After experiencing her own miscarriage, Angela Elson, was desperate for a way to help her through the grief. Then she remembered this special Japanese tradition.
Angela shares her experience in a post on the New York Times.
She explains, “after a visit to a forest on Mount Koya in Japan she saw hundreds of stone Jizo statues lined the wooded paths.
These small figurines dressed in red caps and bibs honor the souls of babies who are never born.
This was a belief we carried for years until the day we held hands on an ultrasound table watching the technician turn off the monitor and tiptoe out of the room. A miscarriage at 10 weeks produces no body, so there would be no funeral. “What do we even do?” I asked the doctor.
She wrote me a prescription for Percocet: “Go home and sleep.”
We went home. I didn’t sleep. I was itchy with sadness. I picked at my cuticles and tore out my hair. I had all this sorrow and no one to give it to, and Brady couldn’t take it off me because his hands were already full of his own mourning.

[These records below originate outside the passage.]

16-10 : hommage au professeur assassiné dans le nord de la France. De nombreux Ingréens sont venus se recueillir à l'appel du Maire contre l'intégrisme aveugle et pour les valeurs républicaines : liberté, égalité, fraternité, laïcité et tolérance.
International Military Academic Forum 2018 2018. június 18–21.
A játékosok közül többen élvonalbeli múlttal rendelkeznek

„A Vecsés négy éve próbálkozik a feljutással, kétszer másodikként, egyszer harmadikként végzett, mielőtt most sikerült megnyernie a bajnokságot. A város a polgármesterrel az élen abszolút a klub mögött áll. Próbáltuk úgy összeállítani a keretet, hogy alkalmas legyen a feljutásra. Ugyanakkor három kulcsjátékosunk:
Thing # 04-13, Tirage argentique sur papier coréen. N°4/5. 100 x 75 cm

We knew miscarriage was common. But why wasn’t there anything people did when it happened?
“If only there were some kind of tradition…” I said to Brady.

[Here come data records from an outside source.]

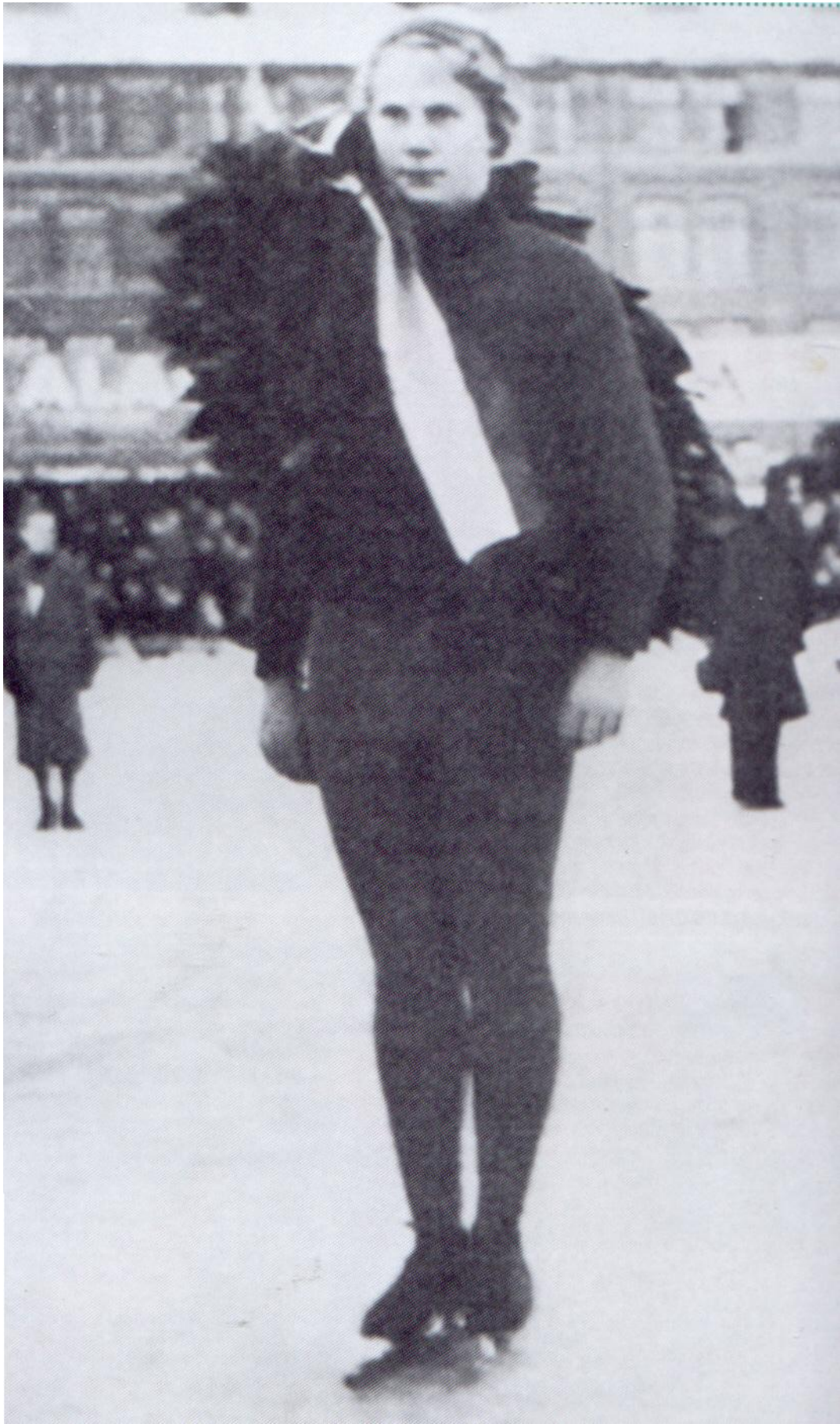
Vår store dronning Laila Schou Nilsen, verdensmester i Davos i 1937.
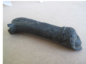
Fig.23 – Cabo de Pátera
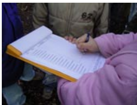
Alles wird genau aufgeschrieben und in unsere Tabelle eingefügt
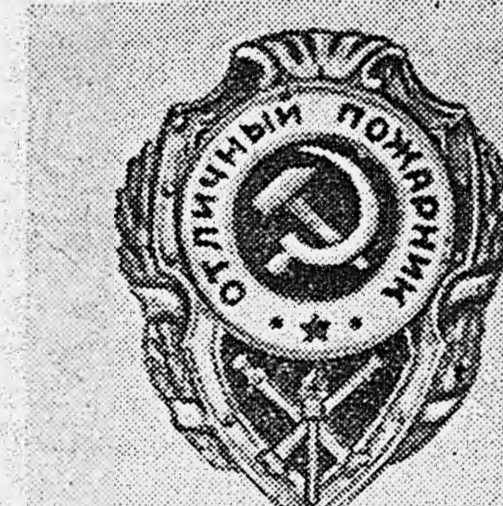
Знак металлический; размер знака по вертикали 46 мм, по ширине 37 мм. На оборотной стороне знак имеет нарезной штифт с гайкой для прикрепления знака к одежде.

За успешное выполнение заданий Государственного Комитета Оборны по ремонту танков для Красной Армии Указом Президиума Верховного Совета СССР награждены:

“Like a Jizo?” he replied, recalling that quiet day we’d spent walking hand-in-hand through a Japanese forest of other people’s grief.
It was as if someone had poured calamine lotion all over me. “Exactly like a Jizo.”

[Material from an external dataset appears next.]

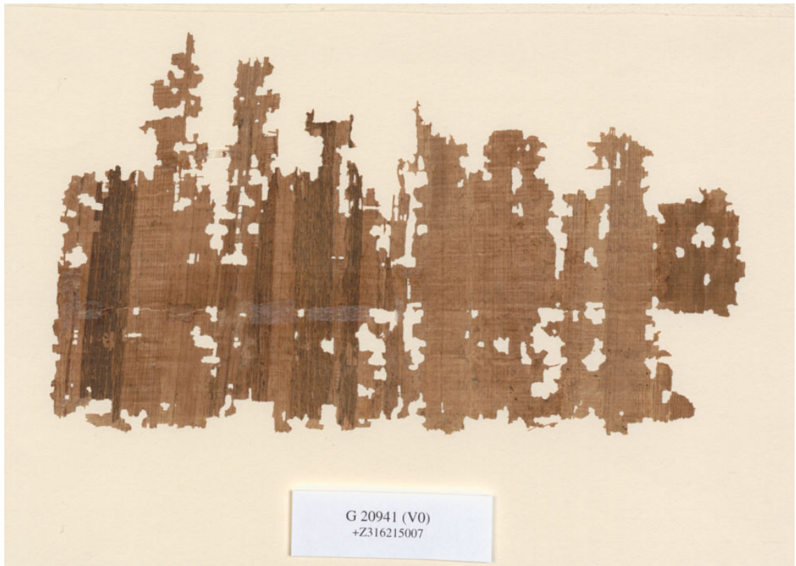
Fig. 1: P.Vindob. G 20941 verso.
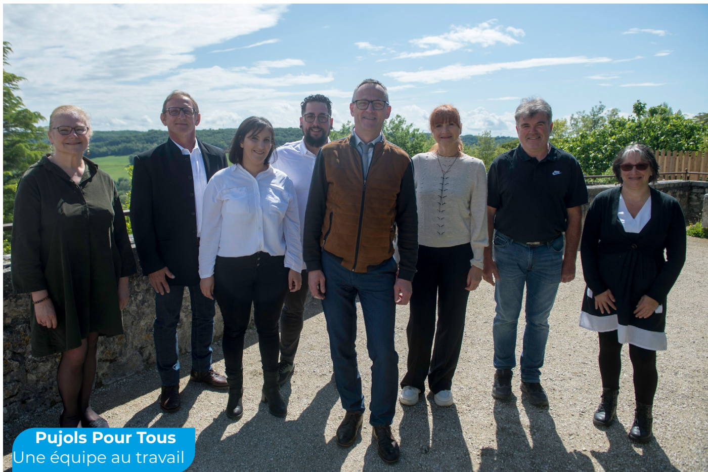
visuel de campagne

What can’t one buy on the internet? Our statue of Jizo arrived a few days later. He was the height of a paperback and made of cement. His eyes were squinted in a mellow smile, hands folded in prayer.
According to Buddhist belief, a baby who is never born can’t go to heaven, having never had the opportunity to accumulate good karma. But Jizo, a sort of patron saint of fetal demise, can smuggle these half-baked souls to paradise in his pockets.
Brady and I grieved the baby in ways that were different but equally sad. One thing we both understood perfectly, though, was Jizo — why we had to search for the right kind of red yarn, how I had to crochet the smallest hat and coat three times to get it right. It was nice for us to have something to do, a project to finish in lieu of the baby I failed to complete. When Jizo was dressed, Brady complimented my handiwork. “Where should we put him? In the yard?”
“Maybe in a few days,” I balked, stationing the statue on our dining room table where I could pat him on the head on my way to the kitchen. I talked to him. Sometimes I kissed him when no one was looking, or I took him with me to the living room to watch TV.
It was crazy to fuss over a statue like I did. But I felt crazy, which could have been from the pregnancy hormones still coursing rudely through my body. Or maybe it was the lack of traditions surrounding miscarriage in the States that gave me nothing to take the edge off my grief. Without a prescribed course for mourning, I didn’t know what else to do besides mother this lump of concrete as if he could actually transfer my love to the afterlife.
After a few days of keeping Jizo in the house, I got to the point where I could put him on the front porch without too much separation anxiety. A few weeks later, Brady planted a garden for him in the backyard, where Jizo now sits and reminds us of the baby we lost — not so often as to make us sad, but often enough so that we don’t forget him entirely.
I’m not sure if this is the correct way to weather a miscarriage, or even the right way to Jizo.
I do know that like those parents haunting Mount Koya, Brady and I will always think of that baby who never was. We’ll leave pieces of our love for him wherever we go, hoping Jizo will deliver them to wherever he is.”